Exactly. I can't believe some of these companies install things so shallow, and then complain when we hit things. I hit a 1-1/4" copper pipe feed into a new property a while back. I knew where it ran and asked the plumber what depth it was. He told me it was 18" so I trenched through at 6" in that area and tore it to pieces. He was pissed that he had to come out and repair it, but if he did it properly in the first place he wouldn't have to.

It's hard to believe that I want my irrigation laterals twice as deep as the main feed into the property. I just don't understand why they do it.

I also legally have to call Dial before you dig before any trenching work or I am not covered by insurance if I do hit something. Instead of doing a quick re run of lines on badly installed systems, I have to wait two days for the services to get back to me before I can do the job.

Autoflow
02-18-2012, 12:34 AM
Well I just got an email from an install I did last month asking if I hit anything while trenching because his garden lights are no longer working in the raised garden behind the lawn I irrigated. All electricals are supposed to be 500mm deep (20" or so) and I only went 300mm deep.

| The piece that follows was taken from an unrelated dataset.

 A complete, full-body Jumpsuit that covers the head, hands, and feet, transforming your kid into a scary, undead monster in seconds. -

He owns an electrical company so I said I would find the fault with my locator so his guys can fix it. I will be curious to find out what it was and whether I did hit it with the trencher without realising it.

I finally got out to this place today and attached my locator transmitter to the power cable and traced the cable. When I came to one of my trenches I lost the signal so we started digging and found the problem which was the trencher had gone clean through the conduit and cable which was only about 10 inches deep. It was in an area where I tried to trench some extra drainage lines for him and due to our rainy Summer, the drainage work has still not been done.

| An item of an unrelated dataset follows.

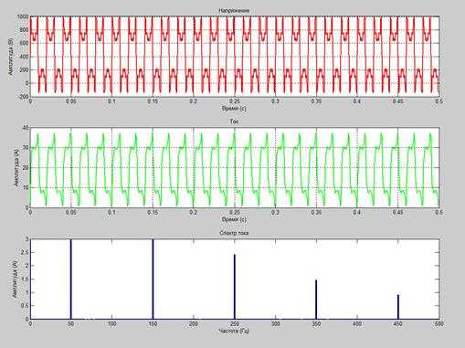 Графики напряжения, тока и Фурье-спектр приведены на рисунке 2.

I need to dig more trenches for the drainage but it is just too wet for my trencher to do any good. The yard is heavy clay at the bottom of a hill and is just saturated even after a few days of sunshine, and then it rains again...

The client was blown away with how fast we found the fault using the locator.

Sprinkus
02-18-2012, 12:57 AM
It's hard to believe that I want my irrigation laterals twice as deep as the main feed into the property. I just don't understand why they do it.